Sunday, February 7, 2010

Shake and Quake (A Love Story)

Musical Tragedy, comedy, musical, historical-pastoral and all possible combinations crowd the stage, but one old standby—the thriller, the suspense drama—has mostly been ceded to movies and television, which have more ways to scare people.

 That’s the conundrum faced by Ferndale Rep in presenting the thriller, Wait Until Dark, opening this Thursday (Feb. 11.) Though this play by Frederick Knott began on Broadway, it’s probably best known for the 1967 movie starring Audrey Hepburn as the young blind woman beset by strangers searching for hidden heroin.

 The Hepburn movie is on the Bravo list for film’s scariest moments, but how do you achieve that on stage, without quick cuts and lingering close-ups, cued by spooky music?

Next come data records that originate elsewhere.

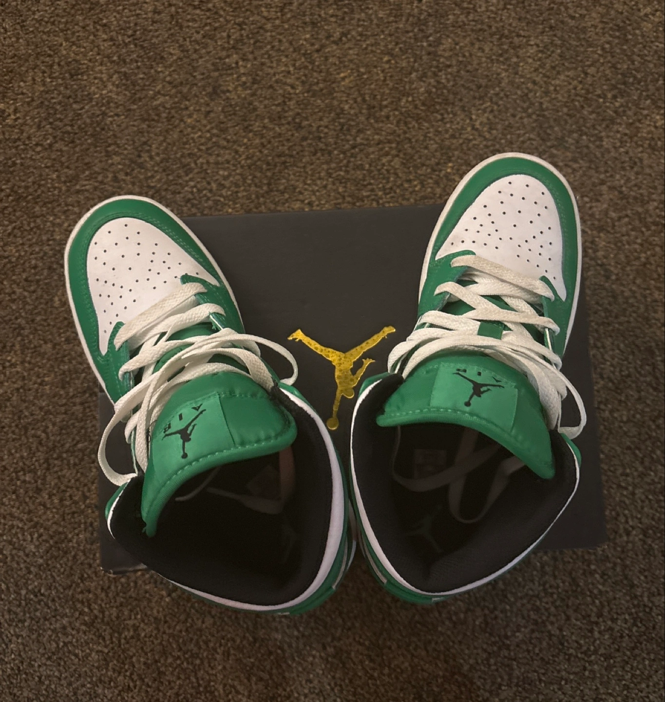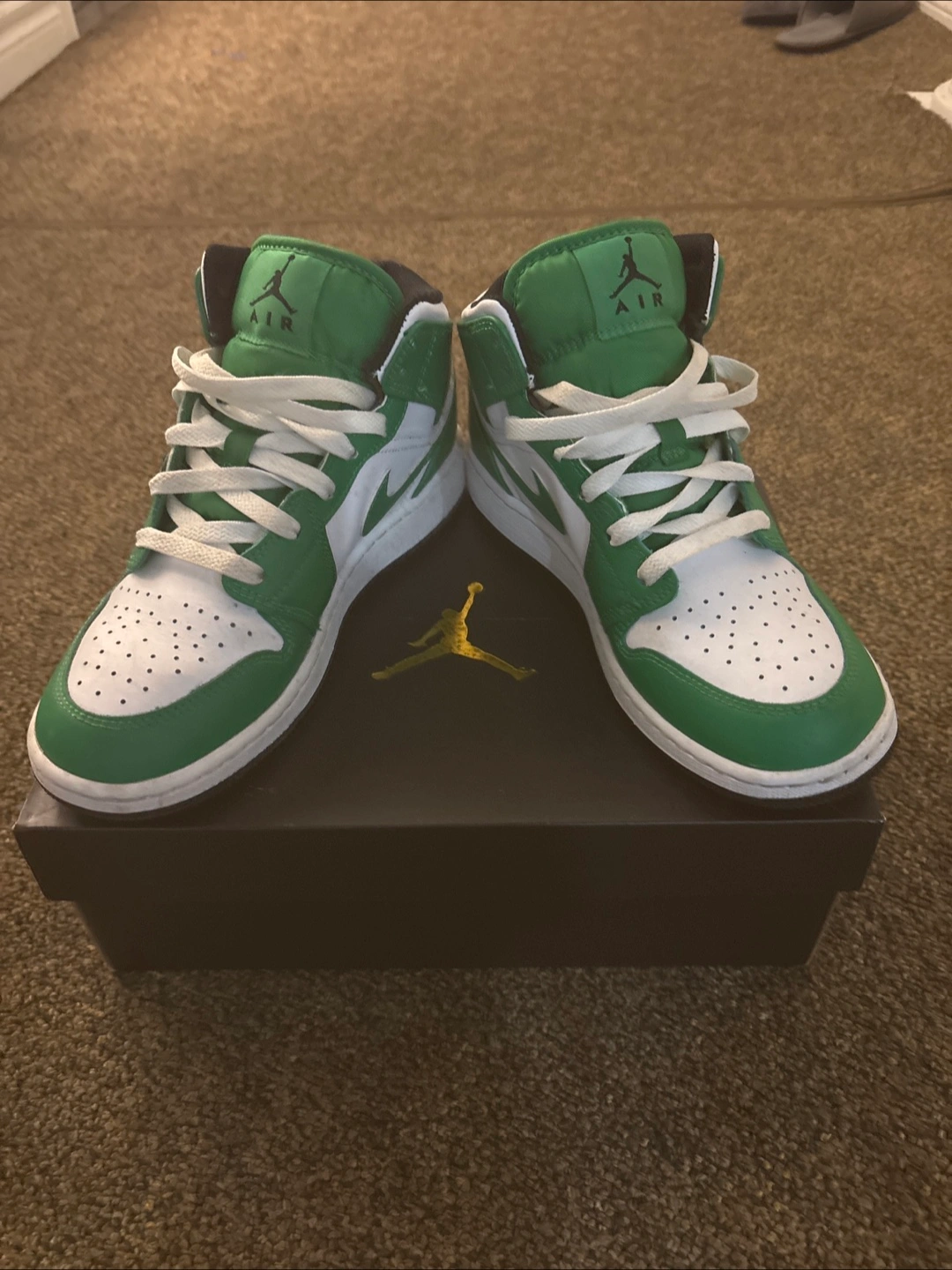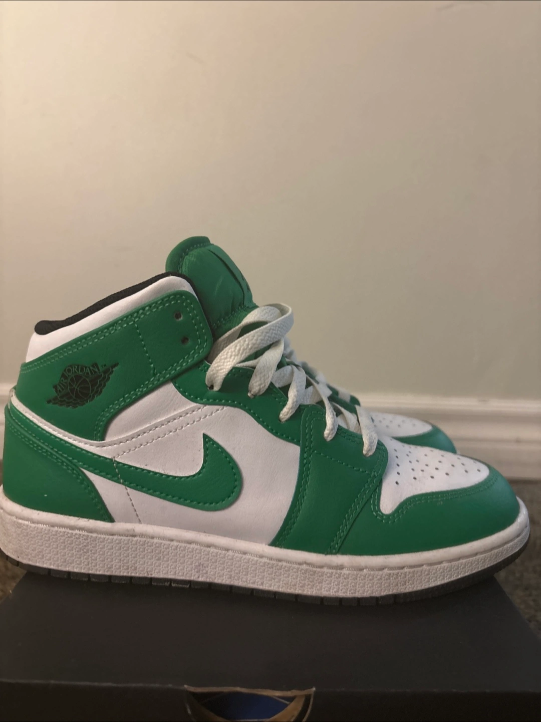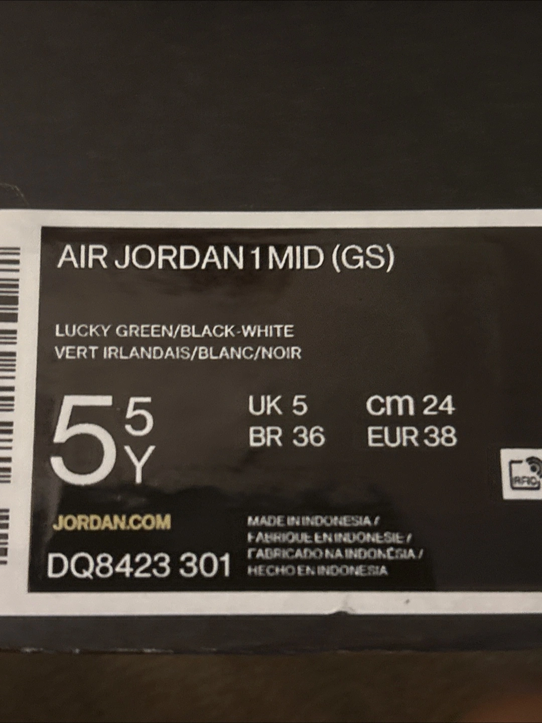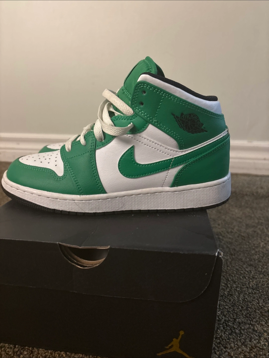 Boys' Air Jordan 1 Mid sneakers. Colour: Lucky Green/Black-White. Size 5Y (UK 5, EUR 38, CM 24, BR 36). Like New, in original box.
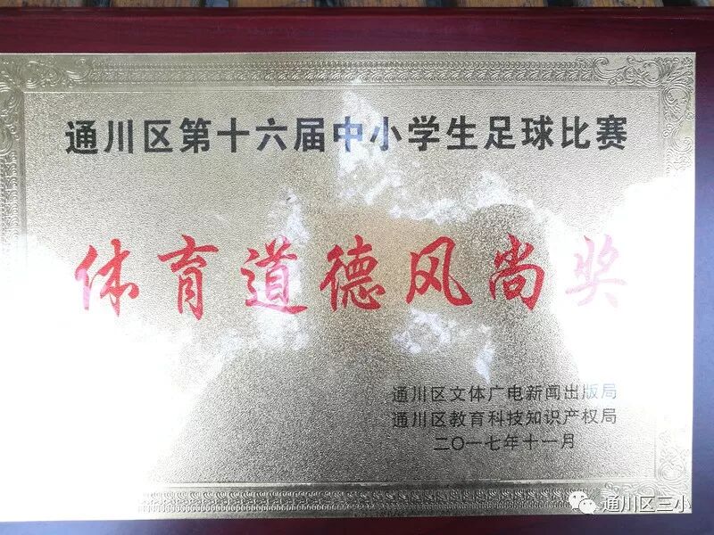 (六)、2017年11月获得通川区教科局颁发的通川区第十六届中小学生足球比赛体育道德风尚奖。
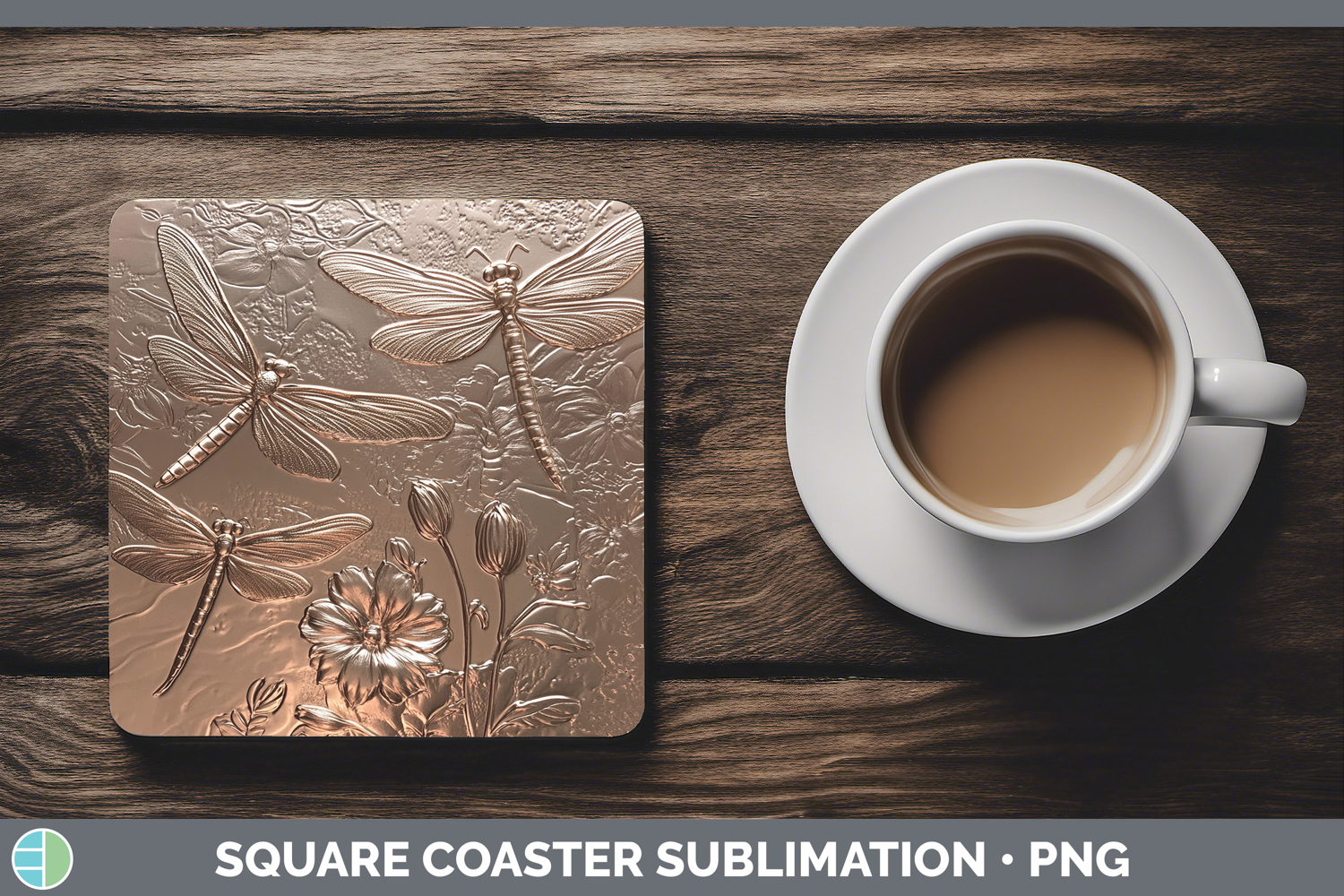 BS01 Copper Relief Dragonfly Square Coaster Sublimation Coas
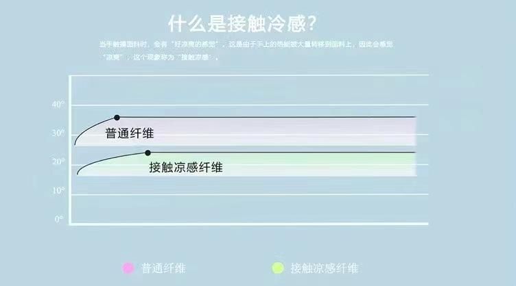 这是因为我们皮肤的热量瞬间、大量转移到了面料上,面料又通过“呼吸”把热量散发掉,因此会有凉爽的感觉,这就是“接触凉感”~
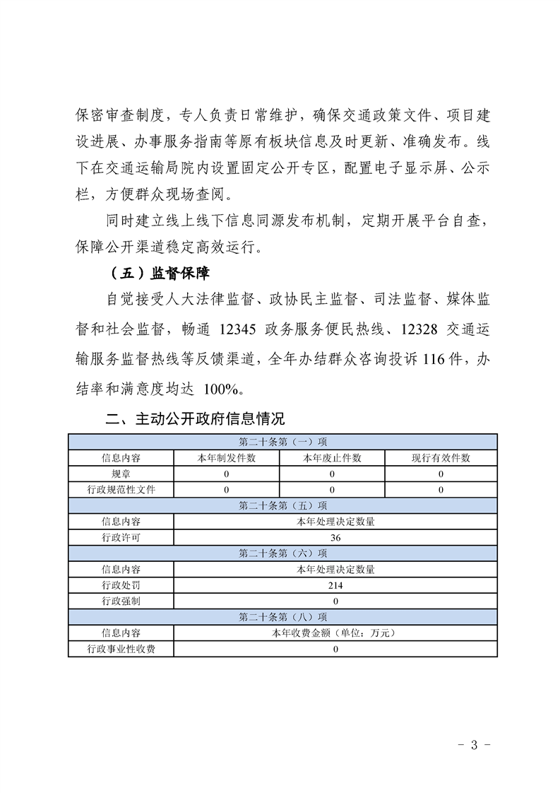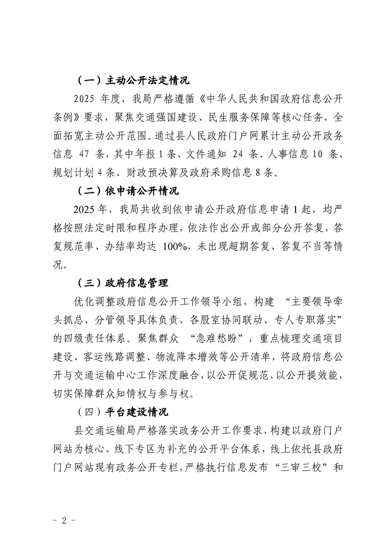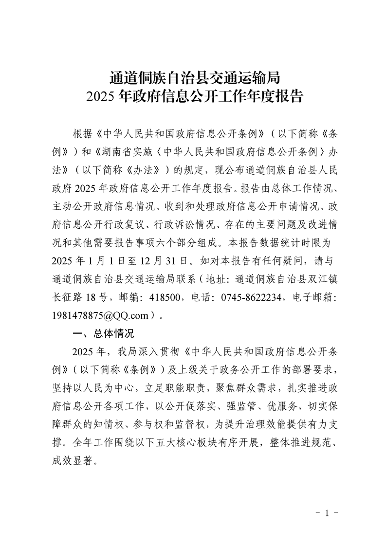 通道侗族自治县交通运输局2025年政府信息公开工作年度报告
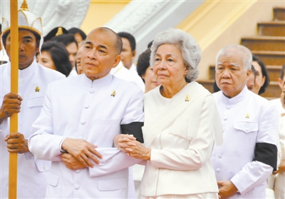 7月11日,柬埔寨已故太皇西哈努克的骨灰安奉仪式在柬埔寨首都金边举行,柬埔寨国王西哈莫尼(前左)、王太后莫尼列(前右),柬埔寨首相洪森等共同参加了安奉仪式。此次骨灰安奉仪式是依照佛教与柬埔寨王家礼仪,将西哈努克太皇的骨灰从王宫的佛塔移置到王宫内的王室灵塔,完成西哈努克太皇骨灰的最终安放。
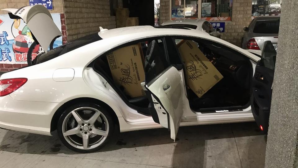 網友在「台灣新聞記者聯盟資訊平台」po出照片,笑說「衛生紙全部被包了,開奔馳CLS550 搶購衛生紙,這個會轟動全世界,呵呵!」只見白色賓士車門大開,而座位被兩大箱衛生紙給占滿。
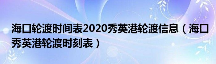 导读 大家好,今天小六子来为大家解答以下的问题,关于海口轮渡时间表2020秀英港轮渡信息,海口秀英港轮渡时刻表这个很多人还不知道,现在让我们
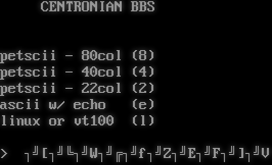 CENTRONIAN BBS petscii - 80col (8) petscii - 40col (4) petscii - 22col (2) ascii w/ echo (e) linux or vt100 (l) > ┐╝[┐╝╚┐╝W┐╝╔┐╝f┐╝Z┐╝E┐╝F┐╝]┐╝V
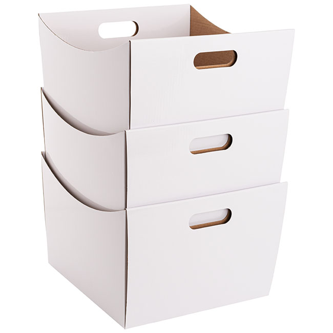 This product comes flat-packed, is easy to assemble, and is available in a pack of 5. Each hamper tray measures 22.5cm wide and 22.5cm in length and 17cm in height. This product can bear up to 6kg in weight.
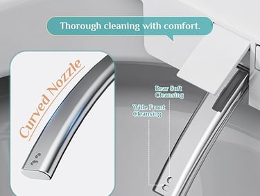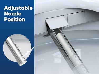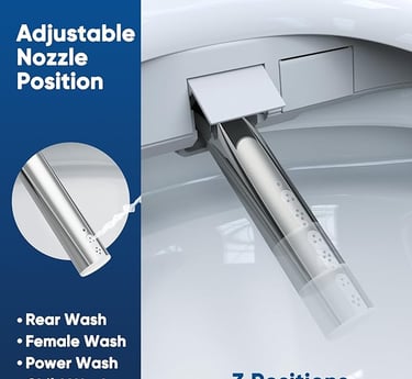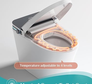 Smart ShowerToilets for BathroomsThe elongated toilet seat heats up quickly, and the warm air dries and removes the discomfort. Never stumble in the dark with built-in night light, offering comfort, convenience, and safety.
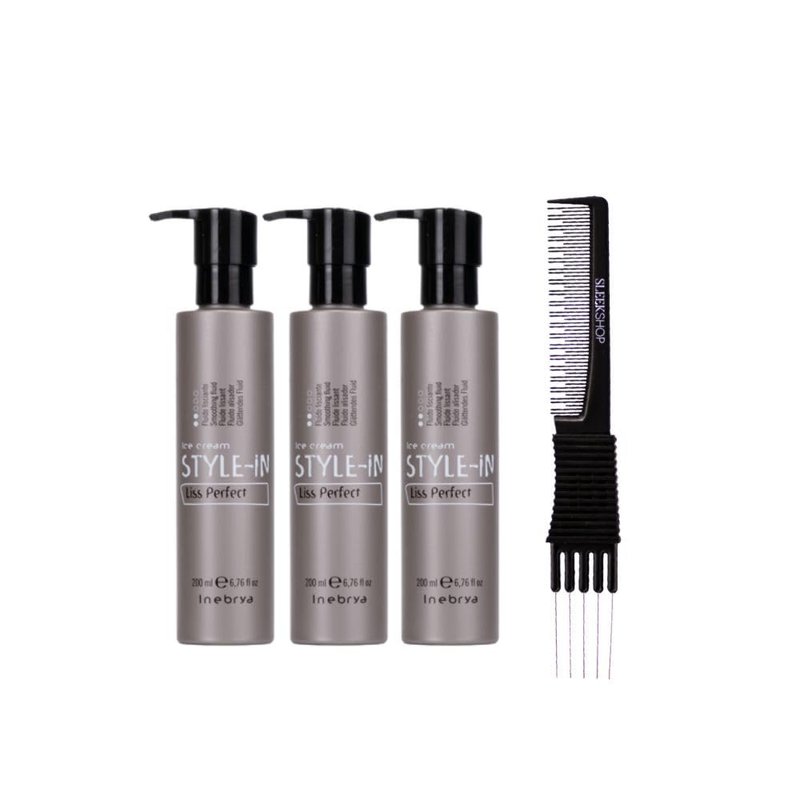 kuss Inebrya Ice Cream Style-In Liss Perfect Smoothing Fluid (6.76 oz) with Teasing Comb Pack of 3
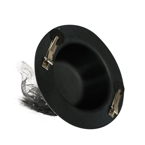 Mini klobúčik striebornej farby s čiernou stuhou, perím a tylom je doplnený šperkom. Pripevniť klobúčik k vlasom je možné pomocou dvoch sponiek.
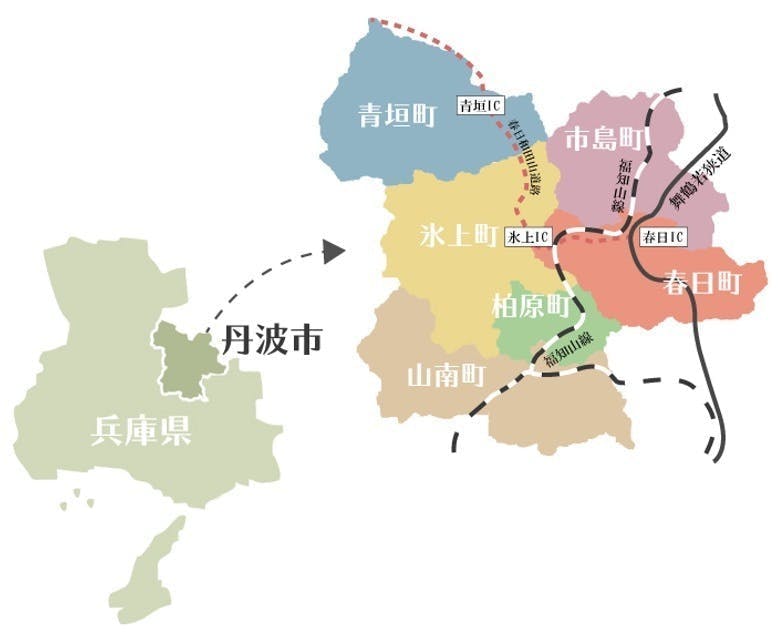丹波市氷上町は兵庫県の中心部に位置し、山に囲まれ佐治川が流れる自然豊かな地域です。
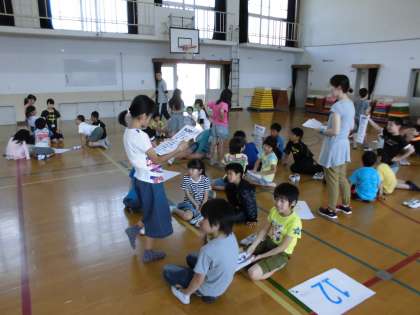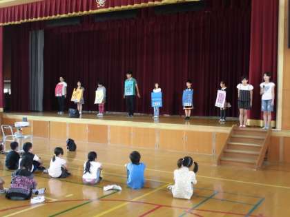 まずは計画委員より,今年度のたてわり活動のネーミングが発表されました。「レインボー活動」になったようです。6つの学年と先生と合わせて7つの力で楽しい活動を作っていくという意味だそうです。(計画委員会で考えました。)

For the Ferndale production, director Jasper Anderton’s answer is: make it real.

 “The challenge was to make this as realistic as possible,” he said in an interview last week. “That’s how we hook people.”

 “The entire show takes place in a New York basement apartment. There are no scene changes, and this one place is all the audience sees.”

 To add to the realism, the set was designed not by a stage designer, but by an architect: Brian Morrison. “He designed a basement apartment,” Anderton said. “We devoted a lot of time to getting the details right.”

 Lighting is also kept as realistic as possible. “Otherwise I felt it would jump out at people if there was anything that didn’t look exactly the way it was supposed to look.” Once the environment is convincing, the actors use it to complete the reality connection. “Theatre has an advantage in creating suspense,” Anderton said. “It’s easier to draw the audience into the reality when they see live people up there on stage. Then you can really get to know the characters, and you watch them slowly realize that things aren’t what they seem to be.”

 Not that there won’t be effects—there’s lightning and light bulbs breaking, as well as something like 32 different sound effects on a 7 channel mixing board. Light design is by Dell’Arte veteran Nick Trotter, and the sound mix is by Ian Schatz. Anderton is also intent on pacing the show for maximum impact. “In a thriller you really have to make sure the momentum stays up, and the tension stays tight.”

 The young blind woman coping with persuasions and threats is played by Alexandra Gellner. “Alex is a wonder to work with. She has instincts regarding what motivates her character that I haven’t seen in many actors,” Anderton said. “Besides Alex, we have stage veterans Gary Summer and Bob Beideman. The other half of the cast are actors in their first major roles —Tom Conlin, Ian Schatz and Ian’s daughter, Brianna.”

 Audiences should expect tense and scary moments, as well as stage violence and threats of violence. Wait Until Dark plays at Ferndale Rep on Friday and Saturday evenings, and Sunday afternoons until Feb. 28.

 There’s scariness of another kind at the Arcata Playhouse, where Quake: A Love Story played last weekend so successfully that it’s been held over for another two shows this weekend. It takes place in a steel-lined closet before, during and after a big earthquake.

 Minnesotan Tyler Olsen got all shook up at the Arcata Coop on 6.5 Day, so he spent the last few weeks doing what we all do in response to earthquakes: he wrote and staged a play about it.

 With songs. Olsen and fellow Dell’Artesan Zuka Sabata play a couple in the midst of breaking up, but life is what happens to you while you’re busy making other plans (to quote a song that’s not in the show.) While they’re separating their belongings, they get trapped in what might also be called a cupboard, or walk-in closet.

 In addition to playing these characters, Olsen and Sabata offer earthquake facts that are pretty scary in themselves. The songs they perform are by various recording artists. They credit Bobby McFerrin for the arrangement of one, but their a cappella versions of the others seem also in the McFerrin mold.

 The songs alone are attraction enough. Most seem to express a character’s dreams or fantasies, and the guy’s nickname is apparently the excuse for a great rendition of Bob Schneider’s “Hulk.”

 Though the basic situation of troubled couple trapped into realizing they still love each other is familiar, the story has some neat and surprising twists. The performances—dramatic, comic and musical—by Olsen and Sabata are flawless, charming and convincing.


The only names on the program not theirs are a trio of light and sound board operators (Jennie Kaplan Woodson, Julian Oakes Norman, Zoe Troxell), and for good reason: the sound and light cues are important and also performed seamlessly.

 Though the show is under an hour long, that it was written and prepared in a few weeks is astonishing and heartening: there’s a place for instant theatre. I’d planned to write more about the story, but now that there are two more performances (Friday at 8 and Sunday at 2 at the Arcata Playhouse), why spoil it for people smart enough to go?